### SOURCE DATA
..............................

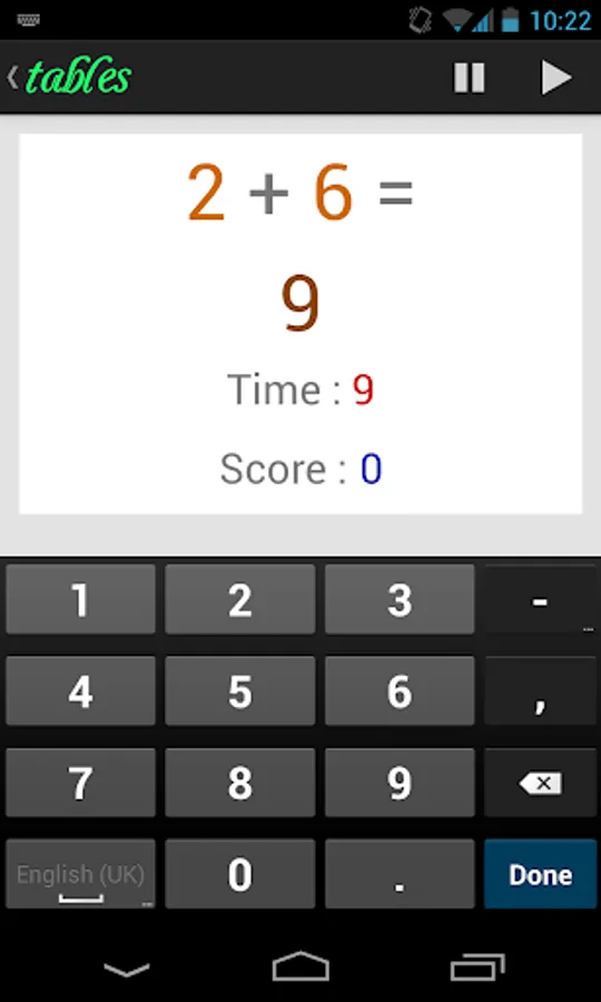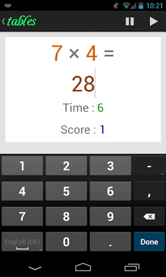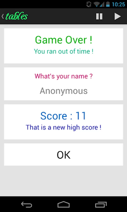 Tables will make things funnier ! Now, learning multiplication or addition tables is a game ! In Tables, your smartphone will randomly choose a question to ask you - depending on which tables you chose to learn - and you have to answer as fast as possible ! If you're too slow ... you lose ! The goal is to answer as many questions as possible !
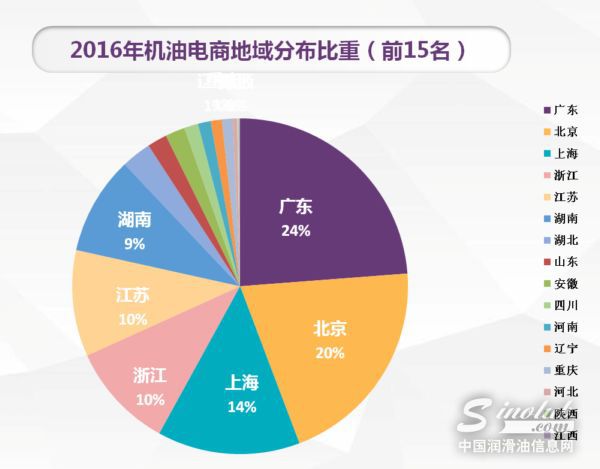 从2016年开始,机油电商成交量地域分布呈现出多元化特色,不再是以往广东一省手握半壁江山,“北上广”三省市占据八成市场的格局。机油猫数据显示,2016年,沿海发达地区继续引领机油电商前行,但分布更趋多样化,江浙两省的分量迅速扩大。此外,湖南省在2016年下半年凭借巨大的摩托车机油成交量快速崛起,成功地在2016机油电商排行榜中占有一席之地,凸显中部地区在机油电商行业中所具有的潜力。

..............................

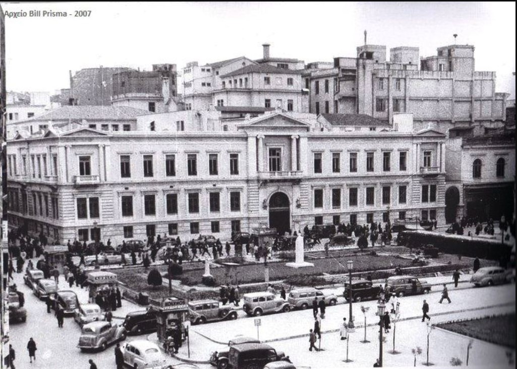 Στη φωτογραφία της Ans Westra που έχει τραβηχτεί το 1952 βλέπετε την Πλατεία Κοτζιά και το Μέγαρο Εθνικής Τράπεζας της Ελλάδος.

..............................

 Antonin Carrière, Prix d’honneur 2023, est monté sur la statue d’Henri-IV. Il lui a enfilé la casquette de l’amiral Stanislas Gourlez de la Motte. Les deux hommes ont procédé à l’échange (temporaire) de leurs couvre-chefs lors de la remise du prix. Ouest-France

..............................

### ASSIGNED TASK
Copy out the lines above from the line containing "Tables will make" through the line containing "从2016年开始,机油电商成", exactly, and keep the pictures out.

### ANSWER FOR THIS EXERCISE
 Tables will make things funnier ! Now, learning multiplication or addition tables is a game ! In Tables, your smartphone will randomly choose a question to ask you - depending on which tables you chose to learn - and you have to answer as fast as possible ! If you're too slow ... you lose ! The goal is to answer as many questions as possible !
 从2016年开始,机油电商成交量地域分布呈现出多元化特色,不再是以往广东一省手握半壁江山,“北上广”三省市占据八成市场的格局。机油猫数据显示,2016年,沿海发达地区继续引领机油电商前行,但分布更趋多样化,江浙两省的分量迅速扩大。此外,湖南省在2016年下半年凭借巨大的摩托车机油成交量快速崛起,成功地在2016机油电商排行榜中占有一席之地,凸显中部地区在机油电商行业中所具有的潜力。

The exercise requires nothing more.